We first need a version of the fundamental theorem.

Lemma 4 Let {\gamma} be a contour in {K} of length {|\gamma|}. Then

\displaystyle f'(\gamma(1)) = f'(\gamma(0)) \left(\frac{\gamma(1) - \mu}{\gamma(0) - \mu}\right)^{n - 1} e^{O(n) |\gamma| \sigma^2}.

Proof: Our bounds on {|z - \zeta|} imply that we can take the Taylor expansion

\displaystyle \frac{1}{z - \zeta} = \frac{1}{z - \mu} + \frac{\zeta - \mu}{(z - \mu)^2} + O(|\zeta - \mu|^2)

of {\zeta} in terms of {\mu}, which is uniform in {\zeta}. Taking expectations preserves the constant term (since it doesn’t depend on {\zeta}), kills the linear term, and replaces the quadratic term with a {\sigma^2}, thus

\displaystyle s_\zeta(z) = \frac{1}{z - \mu} + O(\sigma^2).

At the start of this series we showed

\displaystyle f'(\gamma(1)) = f'(\gamma(0)) \exp\left((n-1)\int_\gamma s_\zeta(z) ~dz\right).

Plugging in the Taylor expansion of {s_\zeta} we get

\displaystyle f'(\gamma(1)) = f'(\gamma(0)) \exp\left((n-1)\int_\gamma \frac{dz}{z - \zeta}\right) e^{O(n) |\gamma| \sigma^2}.

Simplifying the integral we get

\displaystyle \exp\left((n-1)\int_\gamma \frac{dz}{z - \zeta}\right) = \left(\frac{\gamma(1) - \mu}{\gamma(0) - \mu}\right)^{n - 1}

whence the claim. \Box

Lemma 5 Uniformly for {z,w \in K} one has

\displaystyle f'(w) = (1 + O(n|z - w|\sigma^2 e^{o(n|z - w|)})) \frac{(w - \mu)^{n-1}}{(z - \mu)^{n - 1}}f'(z).

Proof: Applying the previous two lemmata we get

\displaystyle f'(w) = e^{O(n|z - w|\sigma^2)} \frac{(w - \mu)^{n-1}}{(z - \mu)^{n - 1}}f'(z).

It remains to simplify

\displaystyle e^{O(n|z - w|\sigma^2)} = 1 + O(n|z - w|\sigma^2 e^{o(n|z - w|)}).

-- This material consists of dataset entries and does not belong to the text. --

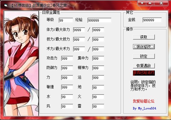 战国美少女2:春风之章主角属性修改器
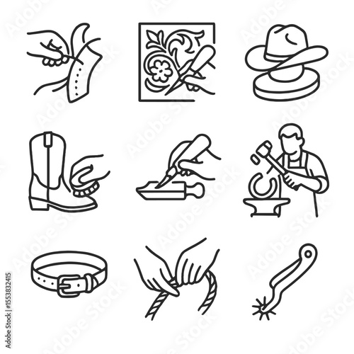Cowboy Craftsmanship Icons. Outline style icons of Cowboy Craftsmanship: saddle stitching, leather carving, hat shaping, boot
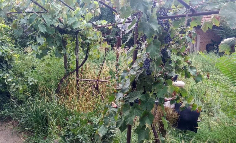 Der Garten ist mit Obstbäumen und Weinreben bepflanzt.
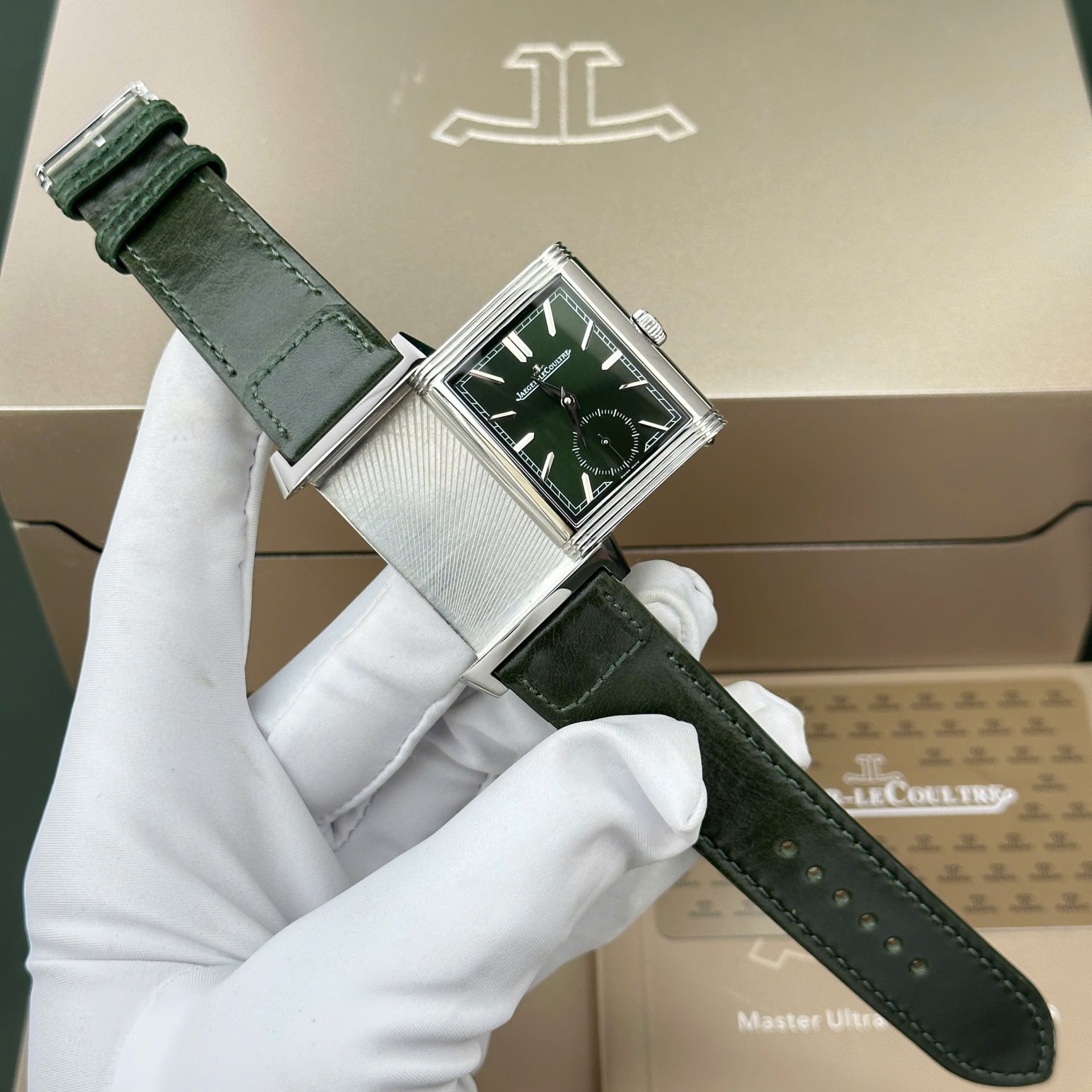 Jaeger LeCoultre Remake Watch Master Reverso Tribute Small Seconds 2 Dial Green And White 28.3x47mm

Taylor expanding {\exp} and using the self-similarity of the Taylor expansion we get

\displaystyle e^z = 1 + O(|z| e^{|z|})

which gives that bound. \Box

Lemma 6 Let {\varepsilon > 0}. Then

\displaystyle f(z) = f(0) + \frac{1 + O(\sigma^2)}{n} f'(z) (z - \mu) + O((\varepsilon + o(1))^n).

uniformly in {z \in K}.

Proof: We may assume that {\varepsilon} is small enough depending on {K}, since the constant in the big-{O} notation can depend on {K} as well, and {\varepsilon} only appears next to implied constants. Now given {z} we can find {\gamma} from {z} to {\partial B(0, \varepsilon)} which is always moving at a speed which is uniformly bounded from below and always moving in a direction towards the origin. Indeed, we can take {\gamma} to be a line segment which has been perturbed to miss the discrete set {T}, and possibly arced to miss {S_0} (say if {z} is far from {D(0, 1)}). By compactness of {K} we can choose the bounds on {\gamma} to be not just uniform in time but also in space (i.e. in {K}), and besides that {\gamma} is a curve through a compact set {K'} which misses {S}. Indeed, one can take {K'} to be a closed ball containing {K}, and then cut out small holes in {K'} around {T} and {S_0}, whose radii are bounded below since {K} is compact. Since the moments of {\zeta} are infinitesimal one has

\displaystyle \int_\gamma (w - \mu)^{n-1} ~dw = \frac{(z - \mu)^n}{n} - \frac{\varepsilon^n e^{in\theta}}{n} = \frac{(z - \mu)^n}{n} - O((\varepsilon + o(1))^n).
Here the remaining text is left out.